Personally, I’d favour something that is unlikely to jeopardize the integrity of the fuselage. Apparently Air Marshals are equipped with .357 Sig P229.
Subsonic rounds, and controlled short bursts, actually hitting the target. No “hosing”.
Also, fuselages are quite robust.
For confined spaces, and unlikely to penetrate the pressure hull, why not give a flamethrower a try?
I like your style.
She’s clearly nuts. I like the hapless Brit in front of her holding up his ipad in a weakly defensive gesture.
The technical term for what happened to her is “decompensate”. She has some sort of psychosis like bipolar disorder and the lack of cigarettes or even the flying circumstance just tipped her over the edge. Huge numbers of the mentally ill self-medicate with cigarettes, among other drugs.
Yeah, the new screening policy should be something like: hold cigarette under persons nose until they inhale and watch reaction. In true TSA fashion, they could apply it to persons aged 2 and older.
I can see a chronic smoker (trying not to give anything away) get all weirdly stiff, wide-eyed, and grinning madly: MUST! NOT! REACT!
A technical quibble: one can be suffering mania without experiencing psychosis. And one can suffer psychosis without having bipolar disorder (see: unipolar depression with psychotic features).

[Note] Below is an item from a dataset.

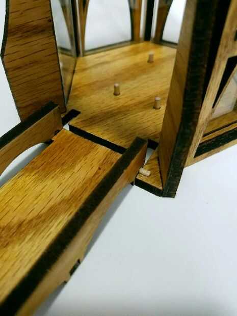 Tomar el puente levadizo y el cuarto dos pernos de corte. Inserte las clavijas en los agujeros del puente levadizo. Puede que necesite hacer alguna presentación ligera para obtener las caras de la cara de corte de cuarto y externa del puente levadizo a nivelarse.
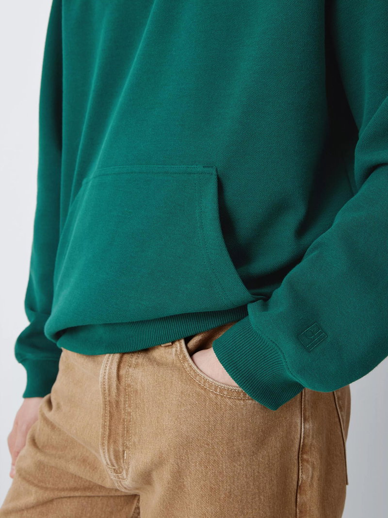 Elevate your casual wardrobe with this sophisticated piqué hoodie, defined by its unique textured knit that offers a refined alternative to standard jersey fabric. This piqué knit provides enhanced durability and a structured silhouette that maintains its shape throughout the day.

A more general quibble: psychosis is not an inherently violent/aggressive state of mind, as is often portrayed in (bad) fiction. I saw psychosis up close when I lived with a friend who would later be diagnosed BPII with psychotic features. She wasn’t aggressive, though she would press her fingers against your temples in order to better see your aura.
True monopolar mania is much rarer than bipolar, and I said “some sort of psychosis like bipolar disorder”. My wife is the mental health pro, but after 23 years of hearing about her days I’ve picked up a lot. In no way did I imply psychosis=violence. But crazy & violent often = psychosis. At my wife’s clinic there’s plenty of calm, charming, but delusional patients, and the occasional one that they need to call security and an ambulance for.
Yep, and my latter quibble–and I should’ve clarified this in my post–wasn’t meant as criticism of your comments. I don’t feel you suggested psychosis is inherently violent. It’s just that the tone of these thread discussions often seems to reflect this popular notion.
Inpatient mental health care is tough. Your wife has my respect and admiration. While in nursing school, I thought about pursuing an MSN in psychiatric nursing. Through my discussions with those who practiced it, I learned it takes a special type of person to do that kind of work as a career. I concluded I was not among them.
She works outpatient, but it all still applies. I could never do it. The outpatient clinic is relatively easy, some of her past jobs were home visits for discharged inpatients and formerly homeless families. She would fearlessly walk into NYC projects alone.